Yeah, and according to an exorcist, exorcism is 99.9% effective. The whole test is bullshit, bullshit, bullshit. Like a previous poster said, these are decent people applying for these jobs. It's not like we're hiring from a temp agency here. Who really gives a rat's ass if you smoked a joint in high school? And if your background investigation fails to reveal that your a card carrying member of Osama's inner circle, then shame on the hiring agency for failing to do THEIR job.


----------



## Macop

Hunter R.I doeswnt use polyshit machines. I also think that some states there are some that do and some that dont.
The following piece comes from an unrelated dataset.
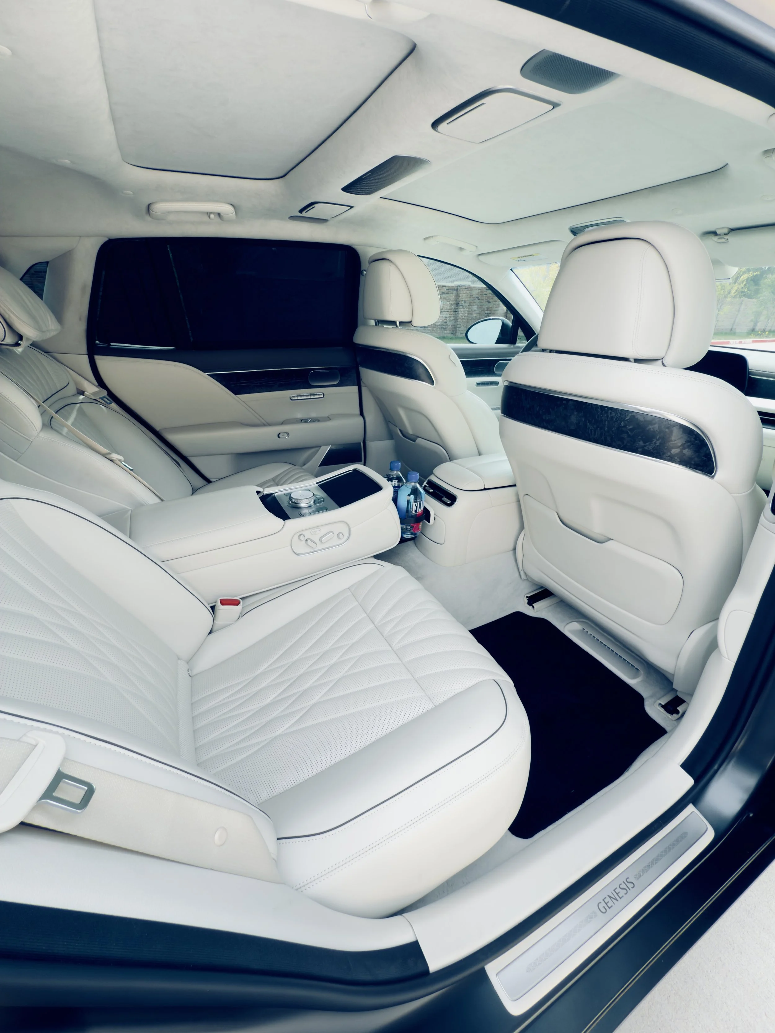 White interior with massagers in the rear seats. Fits 3 passengers with comfort. Back passengers can control the entire vehicle from the rear console.

But I am definately sure R.I doesnt.


----------



## Negaproach

Thanks Leaddog and everyone else who's posted with info and opinions about this topic. Im still waiting to hear what the final outcome is on my issue with the polygraph, and how they said I was unreadable. I have a feeling I passed it however because the more I think about it, it does seem like he was trying to see if I was going to stand firm on my answers and whatnot, especially towards the end. I have a feeling he was trying to get me shook up which didn't happen at all. 

It'll be interesting if I do have to retake a polygraph for another hiring process and get the same guy again.


----------



## Enforcer

*Polygraph Test*

Are there any websites that would list all the questions the examiner would ask you, I am planning on going to LAPD next year to test. Thank you


----------